___ The data

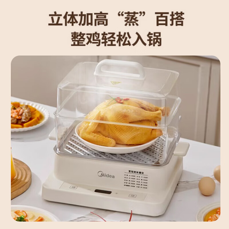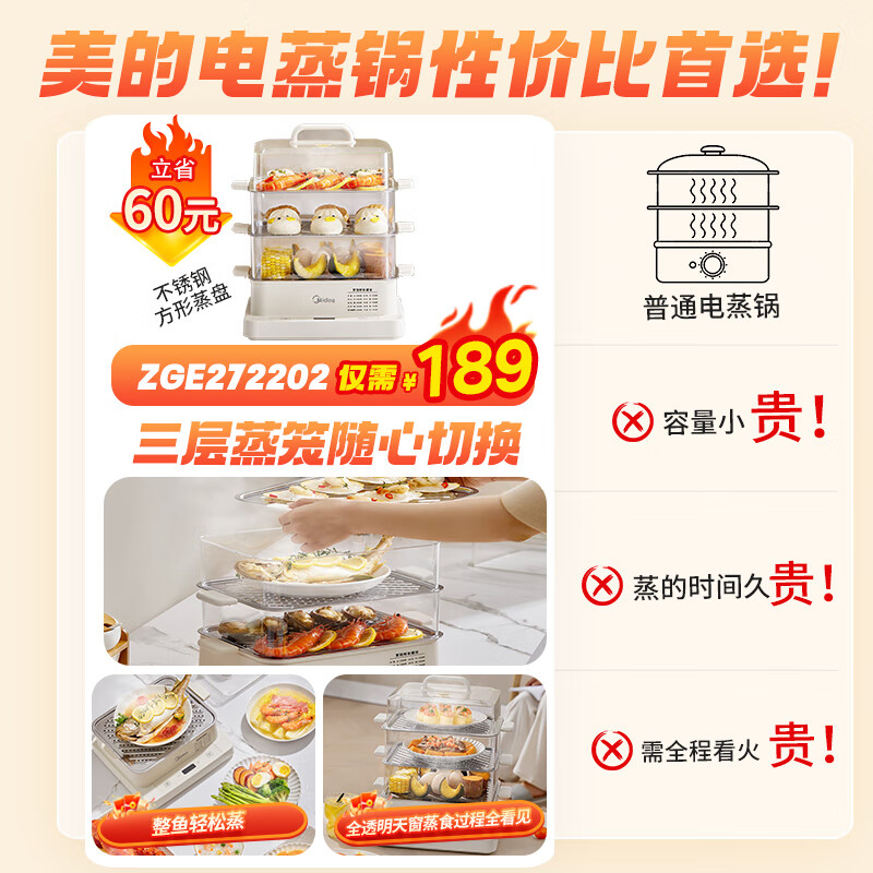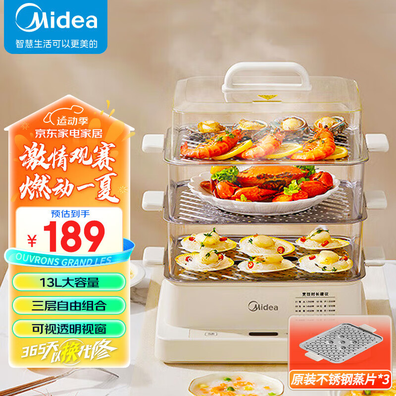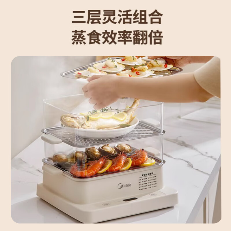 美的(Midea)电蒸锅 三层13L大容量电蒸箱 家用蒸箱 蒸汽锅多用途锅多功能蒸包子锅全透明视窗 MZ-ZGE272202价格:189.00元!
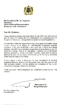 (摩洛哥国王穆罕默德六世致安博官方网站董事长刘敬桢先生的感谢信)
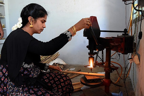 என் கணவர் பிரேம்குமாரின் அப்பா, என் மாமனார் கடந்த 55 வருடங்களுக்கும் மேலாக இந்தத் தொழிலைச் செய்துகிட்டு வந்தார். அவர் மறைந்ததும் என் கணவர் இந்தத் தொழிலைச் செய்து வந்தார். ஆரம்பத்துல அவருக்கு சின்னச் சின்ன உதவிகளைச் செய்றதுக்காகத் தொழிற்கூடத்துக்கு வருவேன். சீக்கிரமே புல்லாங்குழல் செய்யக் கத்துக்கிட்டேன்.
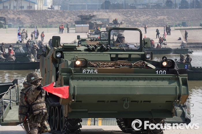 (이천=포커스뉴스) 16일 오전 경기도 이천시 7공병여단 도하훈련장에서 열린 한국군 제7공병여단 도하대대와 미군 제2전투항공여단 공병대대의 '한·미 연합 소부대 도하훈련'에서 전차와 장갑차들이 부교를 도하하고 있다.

______

# Exercise objective:
The whole listing above must be duplicated word for word, apart from its pictures.

# Response to the task:
 美的(Midea)电蒸锅 三层13L大容量电蒸箱 家用蒸箱 蒸汽锅多用途锅多功能蒸包子锅全透明视窗 MZ-ZGE272202价格:189.00元!
 (摩洛哥国王穆罕默德六世致安博官方网站董事长刘敬桢先生的感谢信)
 என் கணவர் பிரேம்குமாரின் அப்பா, என் மாமனார் கடந்த 55 வருடங்களுக்கும் மேலாக இந்தத் தொழிலைச் செய்துகிட்டு வந்தார். அவர் மறைந்ததும் என் கணவர் இந்தத் தொழிலைச் செய்து வந்தார். ஆரம்பத்துல அவருக்கு சின்னச் சின்ன உதவிகளைச் செய்றதுக்காகத் தொழிற்கூடத்துக்கு வருவேன். சீக்கிரமே புல்லாங்குழல் செய்யக் கத்துக்கிட்டேன்.
 (이천=포커스뉴스) 16일 오전 경기도 이천시 7공병여단 도하훈련장에서 열린 한국군 제7공병여단 도하대대와 미군 제2전투항공여단 공병대대의 '한·미 연합 소부대 도하훈련'에서 전차와 장갑차들이 부교를 도하하고 있다.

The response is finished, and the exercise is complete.